2.3.3. Part III: Online Survey

Based on the interview results, we created six statements on recurring topics to be rated using Likert scales in an online survey. This survey was designed using Google Forms (Google LLC, Mountain View, CA, USA) and sent by email to all participants of study part I. The survey remained active for three weeks in July-August 2022. Halfway through this period, a single reminder email was sent.

2.4. Outcomes

2.4.1. Part I: Simulation Study

We defined correct prediction identification as the primary outcome. If participants correctly identified both condition and urgency, we counted this as correctly identifying the prediction. As secondary outcomes, we chose correct condition identification and correct urgency identification, defined as the correctly identified condition and urgency, respectively. In addition, we analyzed the 22 conditions and the 3 urgencies individually.

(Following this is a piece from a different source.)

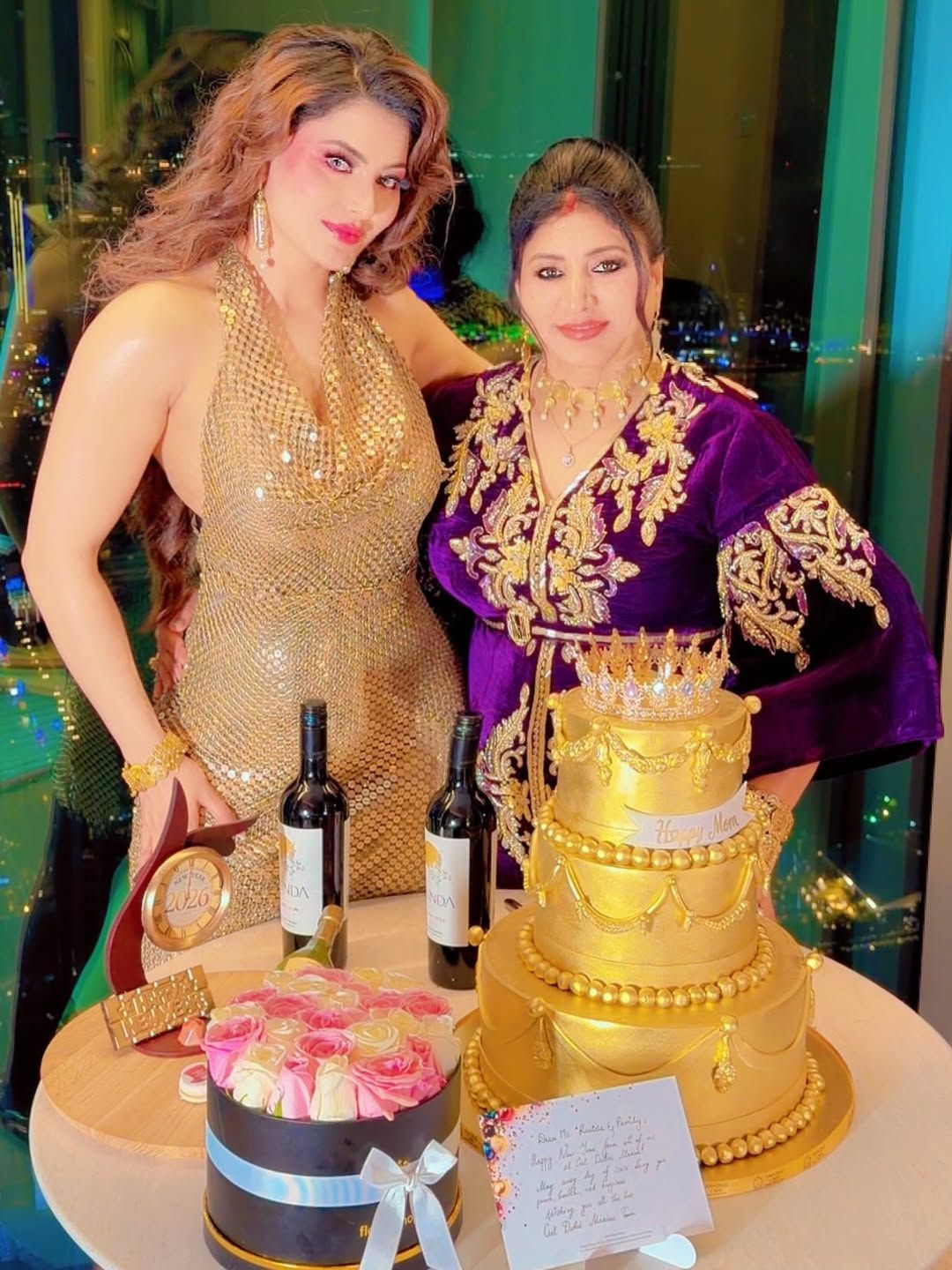वीडियो और फोटो शेयर करते हुए उर्वशी रौतेला ने लिखा, 'मां का जन्मदिन दुनिया के सबसे ऊंचे होटल में 24 कैरेट गोल्ड क्राउन केक के साथ मनाया.'

2.4.2. Part II and III: Standardized Interviews and Online Survey

For the standardized interviews, we analyzed the distribution of individual statements within the topics of the coding tree. For the online survey, we analyzed the distribution of the answers on the 5-point Likert scale for each statement (from "strongly disagree" to "strongly agree").

2.5. Statistical Analysis

For descriptive statistics, we show medians and interquartile ranges for continuous data and numbers and percentages for categorical data.

2.5.1. Part I: Simulation Study

We used mixed logistic regression models with just an intercept to estimate the correct prediction, condition and urgency identification while considering that we had repeated, non-independent measurements from each study participant. The estimates are given as percentages with 95% confidence intervals (95%CI). For estimates by condition, we added the condition information to the aforementioned model. We used a mixed logistic regression model to see if there was a learning effect by including the number of the respective question (between 1 and 33). Estimates of this model are given as odds ratios (OR).

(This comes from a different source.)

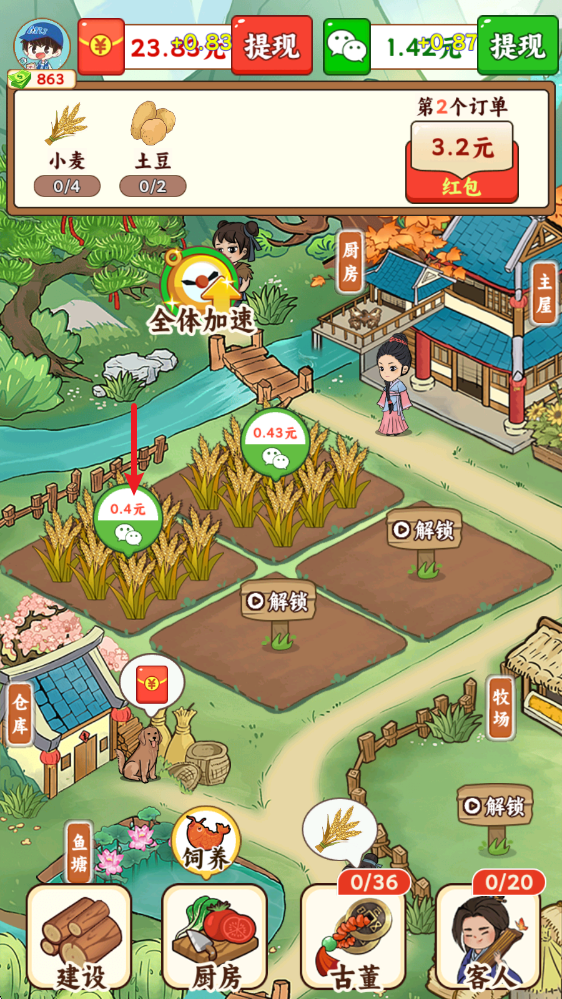 1、游戏中,我们点击最上方的订单即可查看种植目标,随后点击下方空地开始种植。
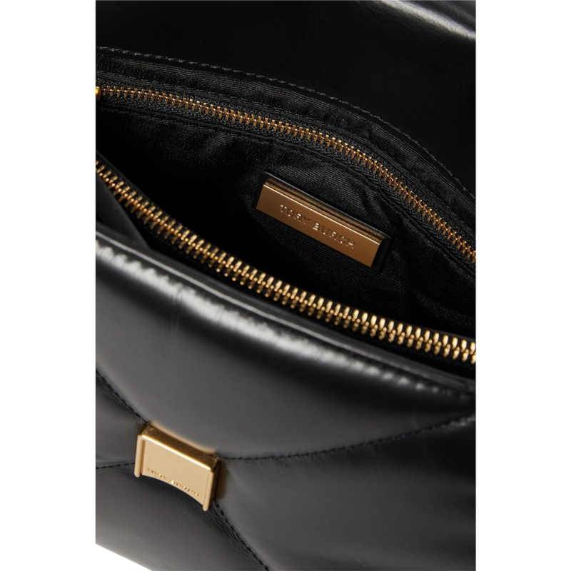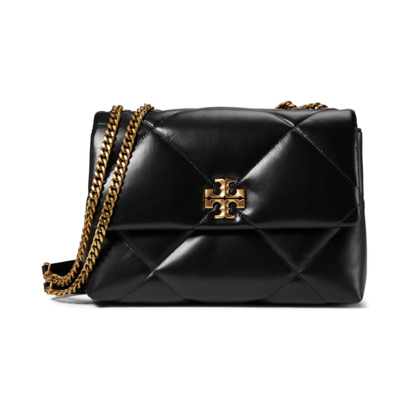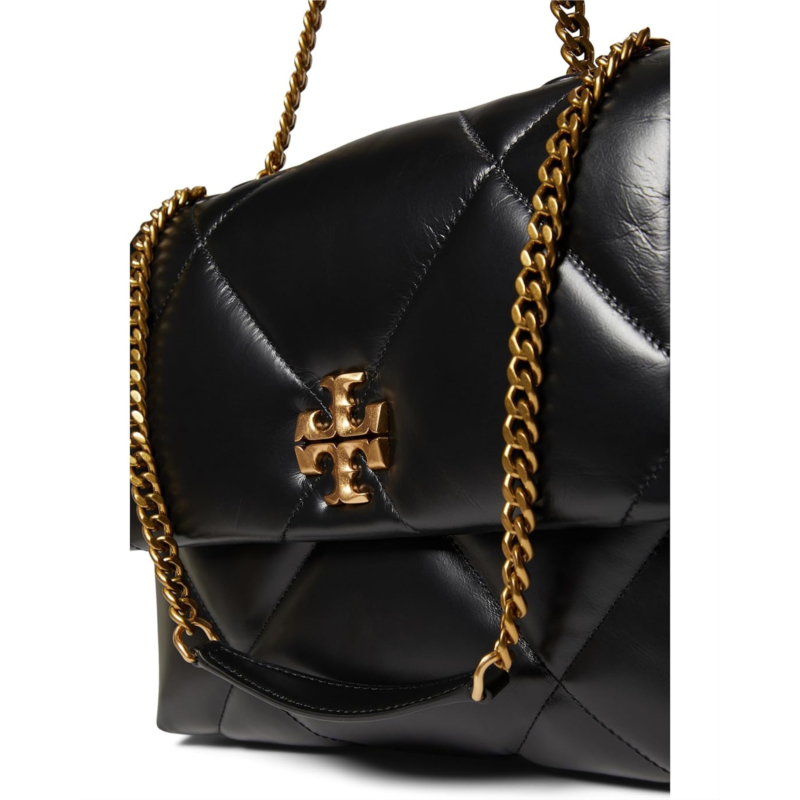 - Indulge in the epitome of elegance with the Tory Burch Convertible Shoulder Bag. Crafted to captivate, its cotton lining and flap with magnetic snap closure exude sophistication. The adjustable shoulder strap, adorned with brushed gold chain, ensures comfort and versatility, allowing seamless transition from shoulder to crossbody. With two pockets, it combines style with functionality effortlessly.

2.5.2. Part II and III: Standardized Interviews and Online Survey

In study part II, we assessed the agreement of the two coders prior to consensus by calculating the interrater reliability using Cohen’s Kappa. In study part III, we used the Wilcoxon matched-pairs signed-rank test to evaluate whether the answers significantly deviated from neutral. We used Microsoft Word, Microsoft Excel (Microsoft Corporation, Redmond, WA, USA), and R version 4.2.0 (R Foundation for Statistical Computing, Vienna, Austria) to manage and analyze our data. We used GraphPad Prism version 9.4.1 (GraphPad Software Inc., San Diego, CA, USA) to generate the figures. We considered a p-value <0.05 to be statistically significant.

2.5.3. Sample Size Calculation

To assess the appropriate sample size for the simulation study, we conducted a pilot study with six participants at the University Hospital Zurich. Correct prediction identification was 94.4%. Considering that these participants were already familiar with VP (but did not know VP Predictive), we calculated the sample size based on a true proportion of 90%. In this case, 70 participants are needed to construct a 95%CI for an estimated proportion that extends no more than 10% in either direction.

3. Results

We recruited 70 anesthesiologists and intensive care physicians in April-May 2022. All participants completed the simulation study. Twenty-one of the 70 participants (30.0%) gave an interview and 49 participants (70.0%) completed the online survey. Table 1 shows the study and participants characteristics.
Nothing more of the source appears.